Ms. Skeet, the business ethicist, said that while employers’ have rights to protect their interests, workers also have autonomy, calling it a fundamental right.

“People have a right to not be treated as a means to an end. To the degree that a noncompete is used to thwart the activities of competing companies from hiring qualified workers, employees affected by them are being used as a means to that end,” she said.

California, North Dakota, Oklahoma and Washington, D.C., ban the use of noncompete agreements.

According to a 2022 report by the Society for Human Resource Management, the use of the agreements is becoming less common. Nine states — Colorado, Maryland, Maine, Illinois, New Hampshire, Washington, Virginia, Oregon, and Rhode Island — allow non-compete agreements only if an employee earns a certain amount of money.

Michael Green, an employment and labor law professor at Texas A&M University, said noncompete agreements generally have been covered by state law and can vary in restrictions and enforcement between jurisdictions.

Certain limitations on noncompete agreements have emerged in part because of the #MeToo movement, he added.

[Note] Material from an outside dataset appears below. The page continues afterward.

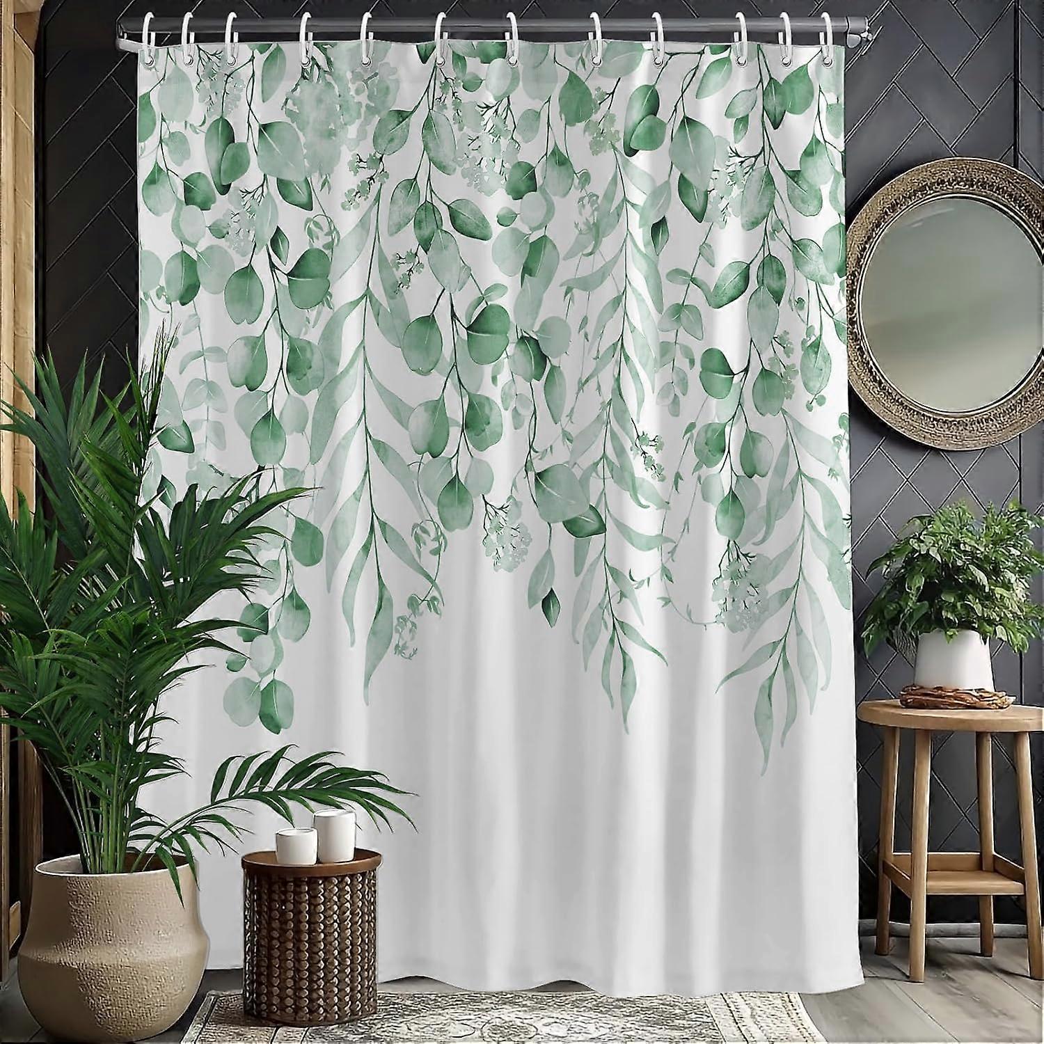 Refreshing Pastoral Style Mint Green Eucalyptus Shower Curtain, Watercolor Plant Leaves with Floral Bathroom Shower Curtain Bathroom Decor 72''x 72''

“With the growth of the #Metoo movement, policymakers have become more interested in limiting employer agreements that insist employees do not have certain rights that can deter open resolution of sexual harassment and assault claims. As a result, efforts to limit arbitration, non-disclosure and even covenants not to compete have become subject to more scrutiny and some states with California being a key leader have sought to ban such agreements,” Mr. Green said.

He said to expect court challenges if the FTC or the NLRB bans noncompete agreements, given that states have ruled on contract law in this area.

“On the state issue, it has been a long-standing approach that each state can determine whether covenants not to compete are enforceable and I assume that will not change,” he said. “Whether the federal agency [the FTC or the NLRB] attempts to outlaw these agreements will likely have to be resolved ultimately through court challenges.”

A spokesperson from the FTC did not immediately respond to a request for comment.